DATASET RECORDS:
★ ★ ★ ★

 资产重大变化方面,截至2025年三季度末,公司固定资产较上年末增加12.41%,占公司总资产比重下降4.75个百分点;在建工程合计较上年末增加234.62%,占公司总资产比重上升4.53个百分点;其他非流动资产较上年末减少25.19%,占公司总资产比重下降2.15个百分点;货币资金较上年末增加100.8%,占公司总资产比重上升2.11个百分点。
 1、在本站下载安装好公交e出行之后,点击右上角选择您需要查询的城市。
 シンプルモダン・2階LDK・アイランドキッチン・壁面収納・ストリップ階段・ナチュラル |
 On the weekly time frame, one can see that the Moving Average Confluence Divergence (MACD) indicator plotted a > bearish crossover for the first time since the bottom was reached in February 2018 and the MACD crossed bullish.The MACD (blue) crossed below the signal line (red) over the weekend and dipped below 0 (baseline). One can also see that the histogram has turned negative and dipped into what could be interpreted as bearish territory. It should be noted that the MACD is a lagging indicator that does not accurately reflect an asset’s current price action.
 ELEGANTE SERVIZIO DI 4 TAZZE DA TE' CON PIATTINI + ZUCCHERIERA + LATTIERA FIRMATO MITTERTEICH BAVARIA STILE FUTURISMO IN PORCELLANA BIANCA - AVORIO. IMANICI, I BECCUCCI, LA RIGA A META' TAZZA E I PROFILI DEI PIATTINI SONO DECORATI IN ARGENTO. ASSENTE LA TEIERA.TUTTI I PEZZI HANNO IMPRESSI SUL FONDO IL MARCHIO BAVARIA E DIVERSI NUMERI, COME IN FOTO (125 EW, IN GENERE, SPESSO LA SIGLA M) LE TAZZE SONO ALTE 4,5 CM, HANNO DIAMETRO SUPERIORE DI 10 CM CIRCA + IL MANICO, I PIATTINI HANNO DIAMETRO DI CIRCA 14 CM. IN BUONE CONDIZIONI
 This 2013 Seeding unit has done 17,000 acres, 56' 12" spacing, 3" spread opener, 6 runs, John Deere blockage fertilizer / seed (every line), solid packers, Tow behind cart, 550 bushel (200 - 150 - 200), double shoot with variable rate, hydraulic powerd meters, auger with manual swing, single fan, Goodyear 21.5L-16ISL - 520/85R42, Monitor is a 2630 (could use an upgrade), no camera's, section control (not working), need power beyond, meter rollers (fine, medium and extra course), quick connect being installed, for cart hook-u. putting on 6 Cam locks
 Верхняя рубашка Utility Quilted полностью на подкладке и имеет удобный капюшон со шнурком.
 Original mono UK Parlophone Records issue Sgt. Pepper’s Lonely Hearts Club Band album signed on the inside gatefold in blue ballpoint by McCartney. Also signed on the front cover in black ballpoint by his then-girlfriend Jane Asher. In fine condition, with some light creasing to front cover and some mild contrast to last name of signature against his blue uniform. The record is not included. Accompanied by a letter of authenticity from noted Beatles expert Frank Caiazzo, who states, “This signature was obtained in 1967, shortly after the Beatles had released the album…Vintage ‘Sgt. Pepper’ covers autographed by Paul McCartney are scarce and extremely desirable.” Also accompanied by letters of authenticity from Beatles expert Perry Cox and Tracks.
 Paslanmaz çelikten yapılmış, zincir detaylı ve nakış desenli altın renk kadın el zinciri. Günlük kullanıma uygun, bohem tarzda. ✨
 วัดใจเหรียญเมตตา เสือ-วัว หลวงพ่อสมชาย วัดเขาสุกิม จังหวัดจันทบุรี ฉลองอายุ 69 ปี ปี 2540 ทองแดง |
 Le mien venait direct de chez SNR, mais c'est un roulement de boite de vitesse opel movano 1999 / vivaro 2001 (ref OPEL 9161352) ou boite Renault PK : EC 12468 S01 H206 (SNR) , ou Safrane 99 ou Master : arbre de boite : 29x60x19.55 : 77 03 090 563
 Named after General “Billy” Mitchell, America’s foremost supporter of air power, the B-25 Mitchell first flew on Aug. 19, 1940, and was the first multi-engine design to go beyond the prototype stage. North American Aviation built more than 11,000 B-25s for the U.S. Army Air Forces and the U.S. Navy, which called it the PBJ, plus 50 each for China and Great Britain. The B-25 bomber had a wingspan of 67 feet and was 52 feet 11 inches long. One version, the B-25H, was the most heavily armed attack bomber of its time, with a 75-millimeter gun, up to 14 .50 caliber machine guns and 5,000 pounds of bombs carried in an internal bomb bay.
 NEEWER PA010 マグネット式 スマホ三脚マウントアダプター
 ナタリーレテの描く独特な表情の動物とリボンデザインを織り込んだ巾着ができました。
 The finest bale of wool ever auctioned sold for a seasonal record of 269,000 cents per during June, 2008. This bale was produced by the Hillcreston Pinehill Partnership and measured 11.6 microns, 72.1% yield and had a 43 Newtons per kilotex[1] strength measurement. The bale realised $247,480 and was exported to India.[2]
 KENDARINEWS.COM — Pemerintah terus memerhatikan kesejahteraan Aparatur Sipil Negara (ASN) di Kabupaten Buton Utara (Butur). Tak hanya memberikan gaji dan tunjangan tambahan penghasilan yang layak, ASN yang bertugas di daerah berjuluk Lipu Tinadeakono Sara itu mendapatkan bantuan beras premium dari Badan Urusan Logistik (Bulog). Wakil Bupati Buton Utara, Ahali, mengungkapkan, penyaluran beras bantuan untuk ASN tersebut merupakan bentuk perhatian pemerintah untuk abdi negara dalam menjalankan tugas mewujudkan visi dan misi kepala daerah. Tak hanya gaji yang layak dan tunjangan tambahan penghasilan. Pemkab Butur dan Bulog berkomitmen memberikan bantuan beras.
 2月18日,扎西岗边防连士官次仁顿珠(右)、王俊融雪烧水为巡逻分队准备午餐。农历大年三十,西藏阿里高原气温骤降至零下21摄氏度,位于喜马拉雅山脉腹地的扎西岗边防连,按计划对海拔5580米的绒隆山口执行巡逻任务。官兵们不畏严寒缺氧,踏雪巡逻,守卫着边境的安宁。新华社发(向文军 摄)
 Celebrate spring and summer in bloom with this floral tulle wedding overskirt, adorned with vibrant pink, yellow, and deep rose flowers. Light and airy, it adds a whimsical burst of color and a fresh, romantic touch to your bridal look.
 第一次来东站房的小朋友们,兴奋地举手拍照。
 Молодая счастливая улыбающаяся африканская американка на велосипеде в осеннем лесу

★ ★ ★ ★

REQUIREMENT:
The response must contain exactly the lines from the one with "Celebrate spring and" to the end of the entries above, both included, and nothing more.

REPLY TO THE EXERCISE:
 Celebrate spring and summer in bloom with this floral tulle wedding overskirt, adorned with vibrant pink, yellow, and deep rose flowers. Light and airy, it adds a whimsical burst of color and a fresh, romantic touch to your bridal look.
 第一次来东站房的小朋友们,兴奋地举手拍照。
 Молодая счастливая улыбающаяся африканская американка на велосипеде в осеннем лесу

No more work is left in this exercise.